Parameters I'd expect:

- manual or electric

- price bracket

- primary use (espresso, filter, etc)

- size


----------



## icom102

well £1000 to £1500


----------



## Dylan

icom102 said:


> well £1000 to £1500


Still the Niche Zero.

Your talking £2k+ I think before any of the other options come to the table.

There are a few manual grinder options as well if thats your thing. You can also modify some ex commercials for decent single dosing, but I'm not sure any of them are a sensible choice over the Niche.

edit: answering the question in the post above yours will help with answers, if your main brew method was filter then you probably dont need to spend that much at all for example.


----------



## coffeechap

I just picked up the best single dosing grinder within that budget from here!


----------



## Hasi

icom102 said:


> well £1000 to £1500


new or used?

is space an issue?


----------



## dev

Honne by Hedone:

https://www.kaffee-netz.de/threads/hedone-honne-muehle.111655/

It's basically a well aligned versalab at around 1k. Can't be beat if you don't want to spend Titus or Monolith money.


----------



## MildredM

dev said:


> Honne by Hedone:
> 
> https://www.kaffee-netz.de/threads/hedone-honne-muehle.111655/
> 
> It's basically a well aligned versalab at around 1k. Can't be beat if you don't want to spend Titus or Monolith money.


Hmmm interesting . . .










Has anyone ever bought/used one here?


----------



## ZappyAd

coffeechap said:


> I just picked up the best single dosing grinder within that budget from here!


Is that before or after the results of your niche comparison testing?


----------



## MildredM

Interesting story behind the Hedone grinder chap.


----------



## MediumRoastSteam

coffeechap said:


> I just picked up the best single dosing grinder within that budget from here!


Which one was that?


----------



## Jony

Ronsil's Ek43


----------



## coffeechap

Jony said:


> Ronsil's Ek43


Precisely! But you never know the Niche could be the one. Ek43s rarely come up at robs prices!


----------



## dev

MildredM said:


> Interesting story behind the Hedone grinder chap.


You can read more about the grinder in the Romanian forums.
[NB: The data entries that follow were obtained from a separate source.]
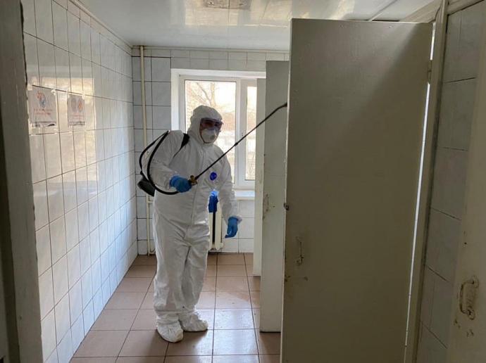 Заходи проводились у зв'язку з проживанням у даному гуртожитку чоловіка 2001 року народження, який в період з 05 по 10 березня контактував з родичами померлої від коронавірусу громадянки в м. Радомишль".
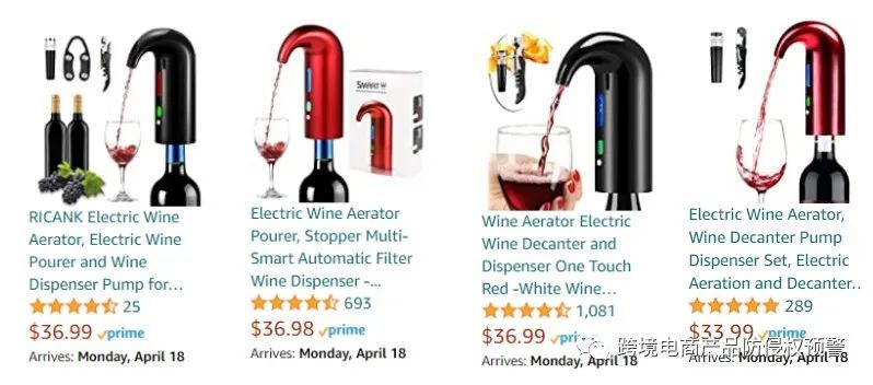 本文提到的这款"电动倒酒器",在亚马逊美国站上有很多很多企业都有售卖!不知道他们有没有想过,这款产品有没有发明专利?
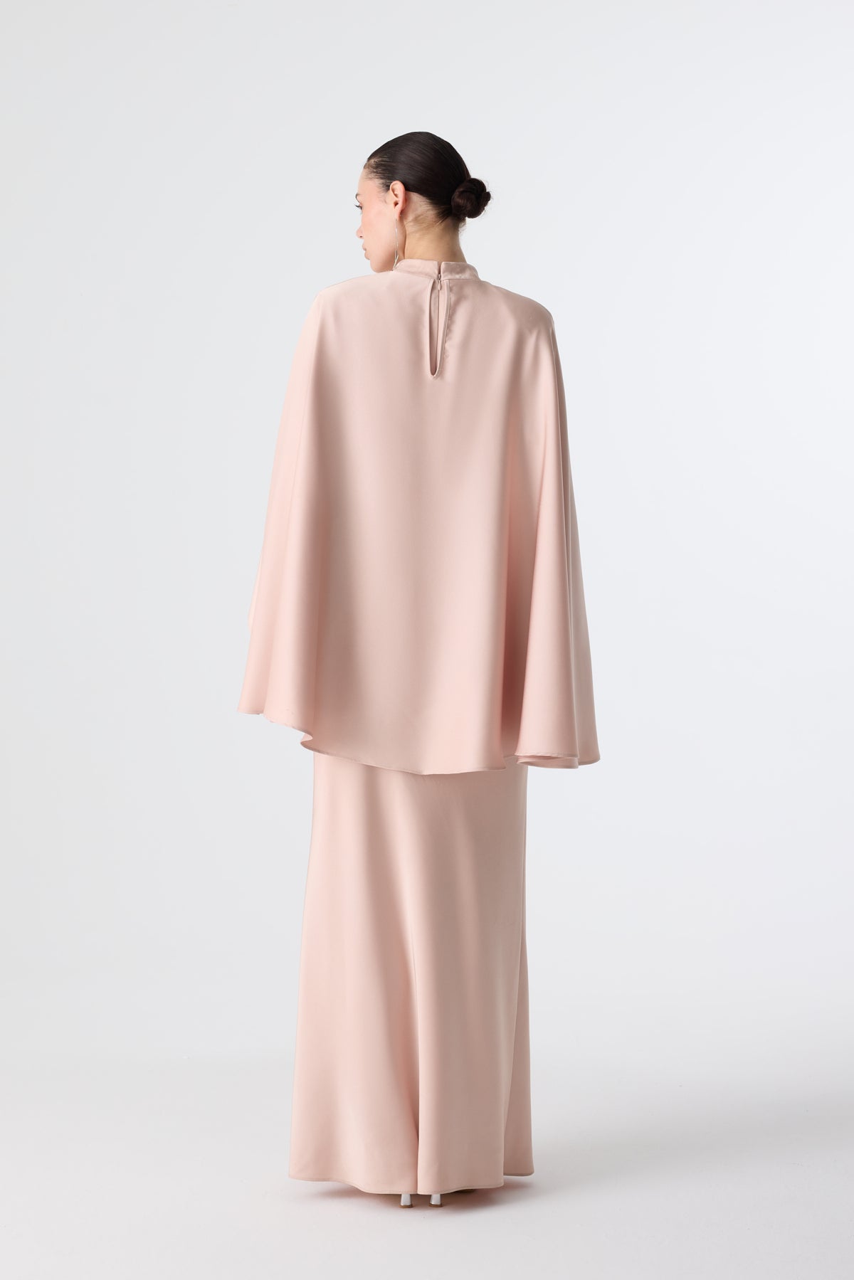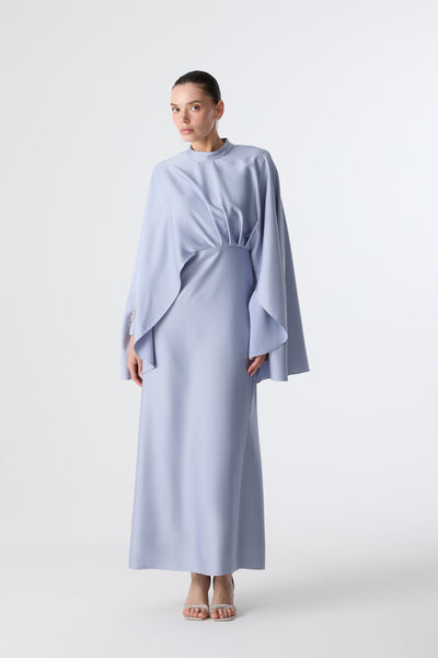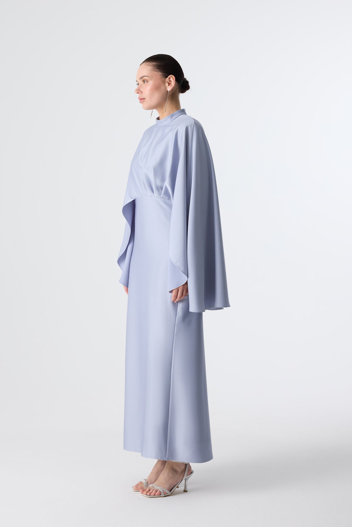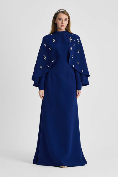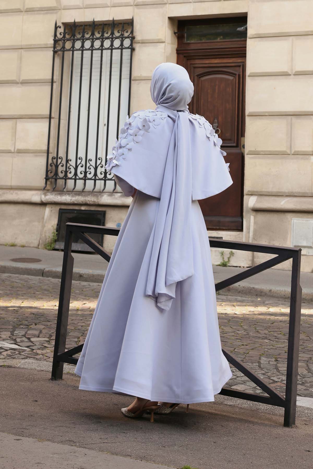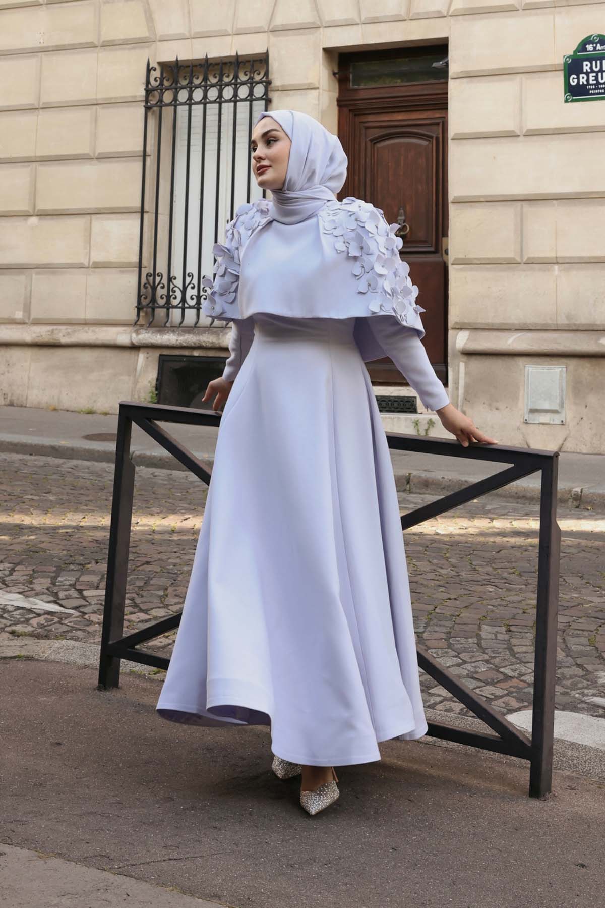 Ürün ortalama 160 cm. Ürünün arkası fermuarlıdır, astarlıdır ve arkası kuyrukludur. Özel üretilmiş ipek kumaş ile hazırlanmıştır. Kolları kısa manşetlidir. Omuz kısmında yere doğru uzanan pelerin mevcuttur. Kloş kesimdir.

Basically 90% of the coffee enthusiasts have ditched higher end commercial grinders in favor of the Honne.


----------



## coffeechap

dev said:


> Honne by Hedone:
> 
> https://www.kaffee-netz.de/threads/hedone-honne-muehle.111655/
> 
> It's basically a well aligned versalab at around 1k. Can't be beat if you don't want to spend Titus or Monolith money.


Tried getting one around 6 months ago, will have another go as it is a very good price


----------



## MediumRoastSteam

coffeechap said:


> Precisely! But you never know the Niche could be the one. Ek43s rarely come up at robs prices!


There's one issue, for me at least... I'd need a bigger kitchen.... :-(

As at the moment, I actually keep my setup inside the cupboard. Nice and tidy, and the wife is happy.


----------



## ashcroc

MediumRoastSteam said:


> There's one issue, for me at least... I'd need a bigger kitchen.... :-(
> 
> As at the moment, I actually keep my setup inside the cupboard. Nice and tidy, and the wife is happy.


One on short legs may fit but you'd need to find a different spot for your water.


----------



## dev

coffeechap said:


> Tried getting one around 6 months ago, will have another go as it is a very good price


Pretty hard getting one from Romania since the Germans are buying them in bulk apparently.


----------



## rynogee

i've just ordered a kinu m47 as an intermediate step (hand gridner). coming off of a rocket fausto. keenly interested in the helor/option-o stance motor, which I think might be one of the better motorized options, but its $2k usd


----------



## dev

2000$ is the price of the motor accessory if you already have the grinder. And at that kind of money you can start looking at Kafatek or Lynn Weber.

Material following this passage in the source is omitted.